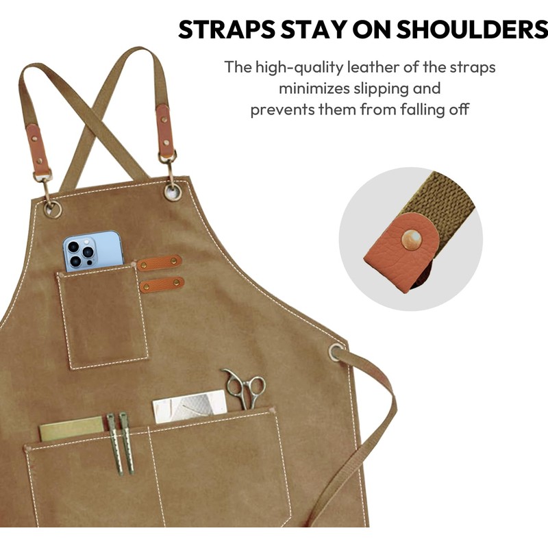 carrotez Cotton Cross Back Adjustable Apron [3rd Generation], Barber apron, Cotton Canvas Cross Back Adjustable Apron with Pockets, Adjustable Strap and Large Pockets,Canvas, M-XXL- Cappuccino
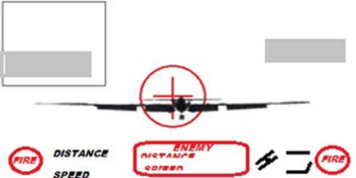 Plane must fulfill his mission : to bring down enemy bombers heading to destroy the protected object you . Control of two handles : gas (right) and flap (left). Flaps (Flaps) regulate aircraft roll " up and down " . Roll " left-right " emitting tail flap slopes smartphone emit those involving accelerator - sensor smartphone. Banks and slopes of aircraft observed in the form of icons on the bottom panel of the aircraft. This panel also displays the distance in meters to the airport (Destination) and to the enemy (Enemy), the aircraft's speed and the speed of enemy aircraft (Speed) and height (Height) of your aircraft and enemy aircraft . Compass is at the top . As there is a translucent card in the upper left corner , where a blue- red arrow shows the position of your plane and a red X position of enemy aircraft .
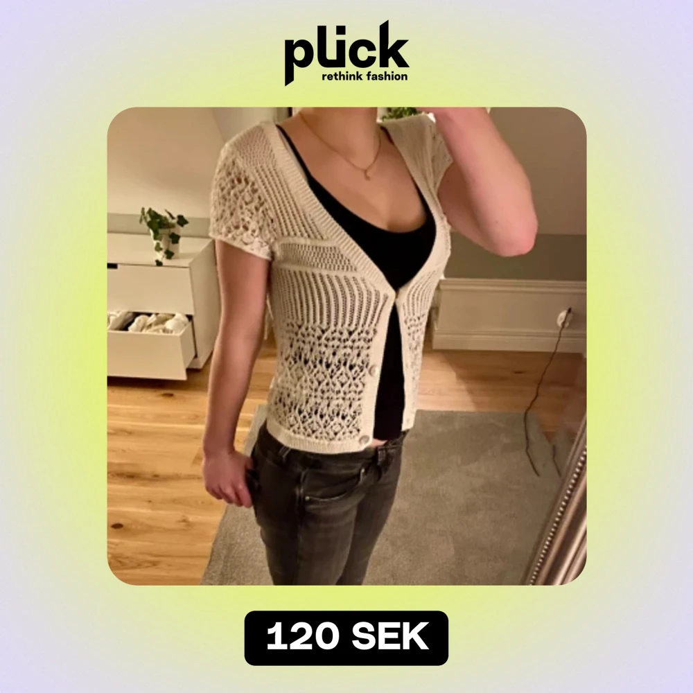 Säljer denna vita kortärmade kofta från hm💞 Den är köpt på sellpy och visar få tecken på användning och är i bra skick, så fin💗
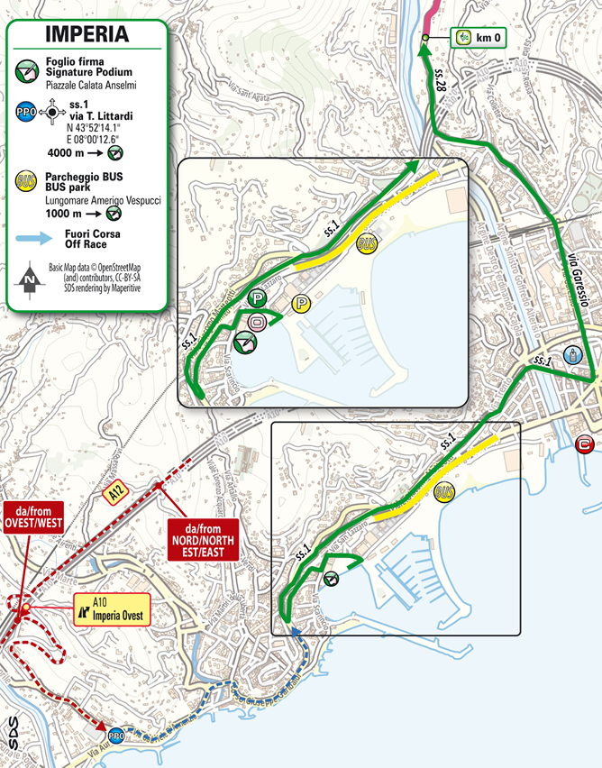 Partenza Calata Anselmi verso le 13:00, i corridori si immetteranno in via Scarincio per proseguire in via Pirinoli. Svolteranno a destra sull’Aurelia, passeranno davanti alla pensilina di Porto Maurizio. Si prosegue in via Siffredi, via Battaglione alpini Pieve di Teco, percorreranno l’Aurelia fino a Piazza Dante, passando davanti al Comune e proseguiranno in piazza Dante. Da lì svolteranno a sinistra attraverso via Largo Nannolo Piana e successivamente in via Berio, via Garessio, rotonda autostrada, via Nazionale per proseguire in direzione Pieve di Teco, successivamente in direzione Albenga per proseguire verso Savona ed andare a Novi Ligure dove ci sarà l’arrivo.
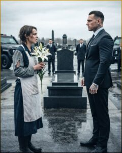 He was tall, built like someone who had never needed to raise his voice to be heard. His coat was dark wool, soaked through. He held no umbrella. The rain slid down his sharp cheekbones, darkened his hair, and he didn’t flinch. He stared down at the grave with an intensity that didn’t belong in a cemetery.
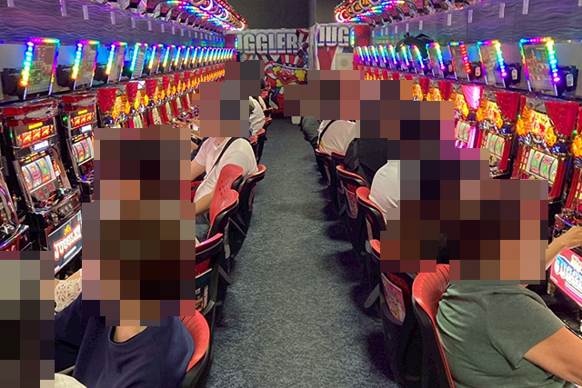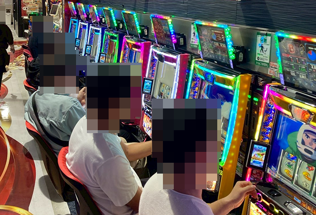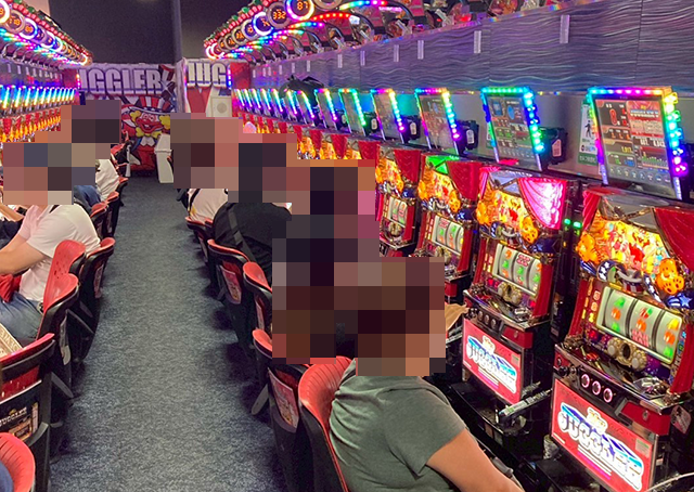 最新機種の「ネオアイムジャグラーEX」でも、プレイヤーたちが活躍。
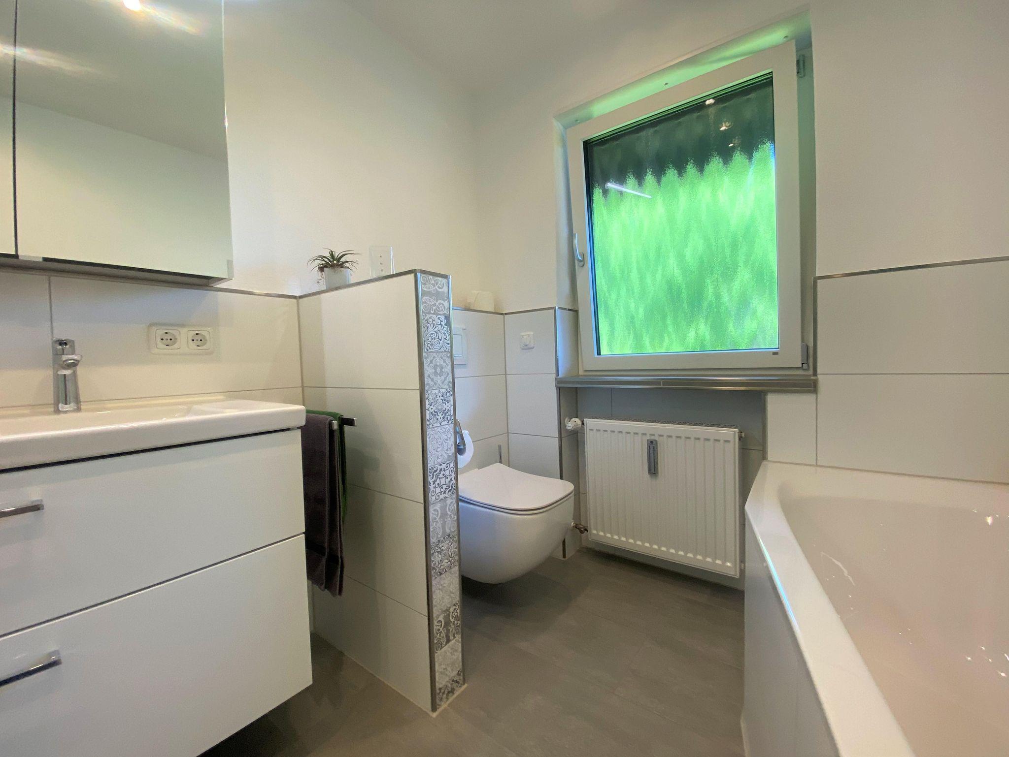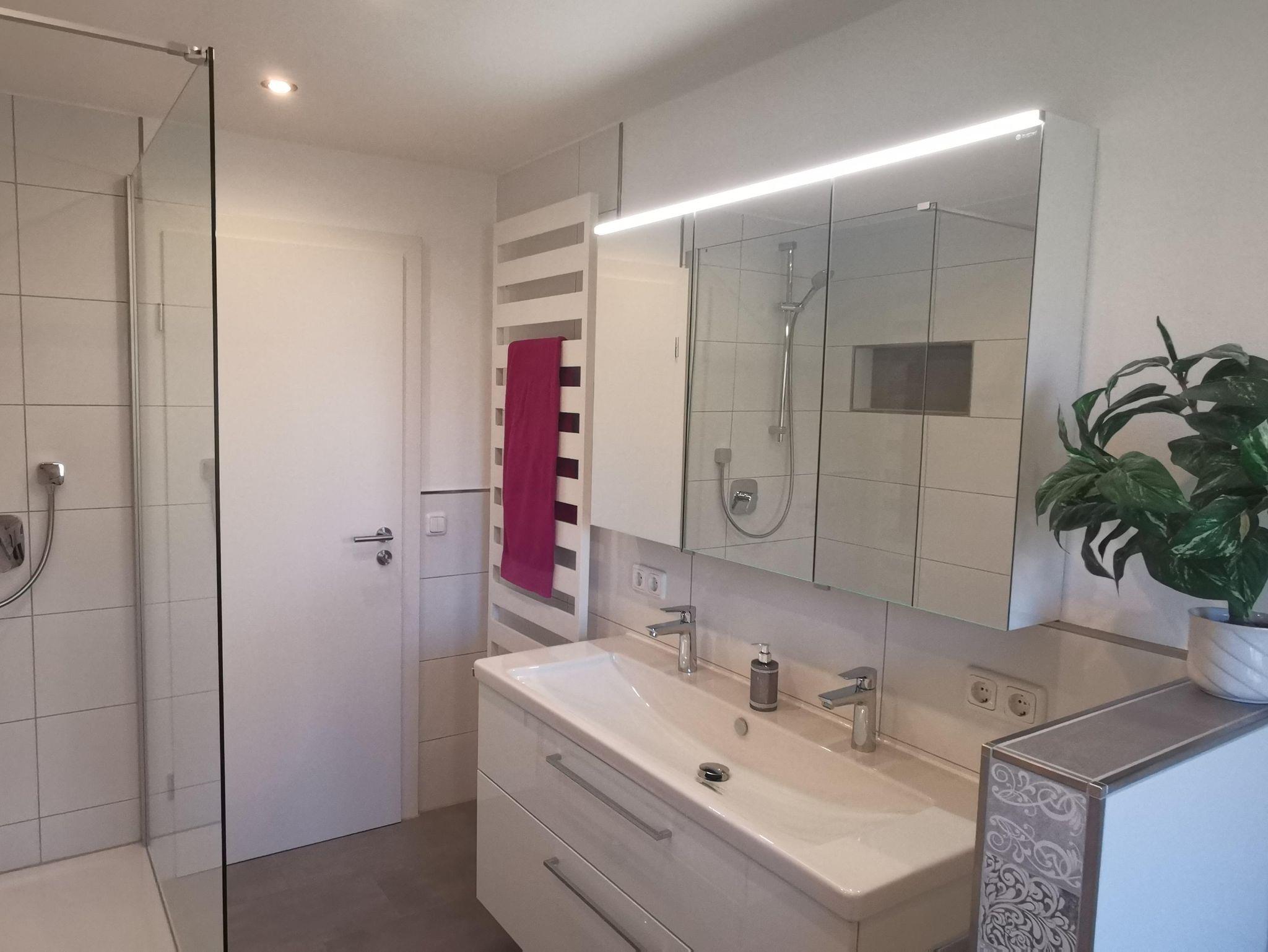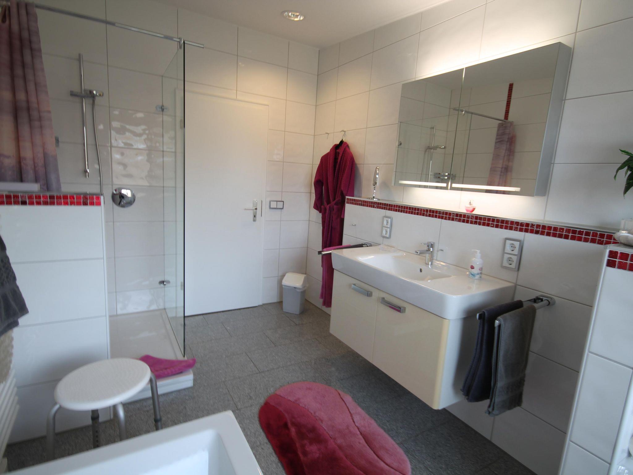 Bad mit Dusche, Badewanne, Toilette, Bidet, Doppelwaschbecken-Spiegel u. Badschrank.
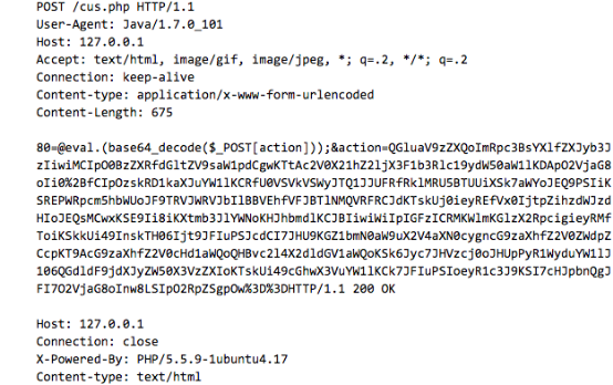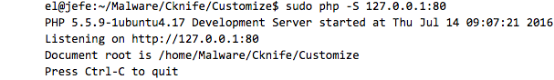 了解Cknife 客户端和 Ubuntu 14.04 webshell之间基本联系的快速办法就是使用和cus.php web shell文件有着相同本地目录的PHP服务器。
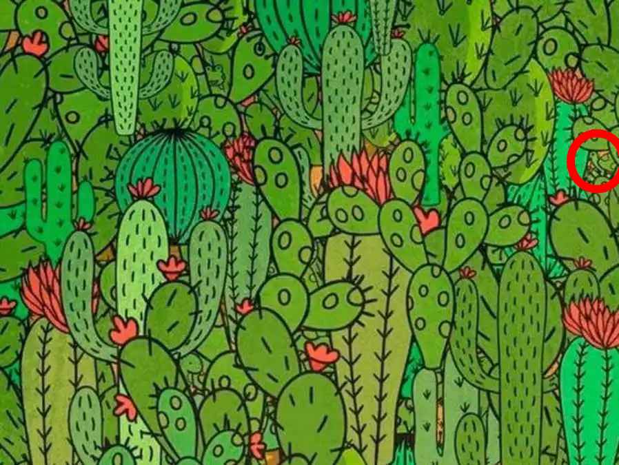 The turtle can be seen on the right side of the picture. It is small and green in colour thus effortlessly blending in with the cacti.

------------------------------------------------------------

REQUIRED WORK:
No picture is to be included when the lines from the one containing "最新機種の「ネオアイムジャグラーEX」でも、プレイヤーたちが活躍。" through the end of the material above are output exactly; nothing else is written.

SOLUTION FOR THIS PROBLEM:
 最新機種の「ネオアイムジャグラーEX」でも、プレイヤーたちが活躍。
 Bad mit Dusche, Badewanne, Toilette, Bidet, Doppelwaschbecken-Spiegel u. Badschrank.
 了解Cknife 客户端和 Ubuntu 14.04 webshell之间基本联系的快速办法就是使用和cus.php web shell文件有着相同本地目录的PHP服务器。
 The turtle can be seen on the right side of the picture. It is small and green in colour thus effortlessly blending in with the cacti.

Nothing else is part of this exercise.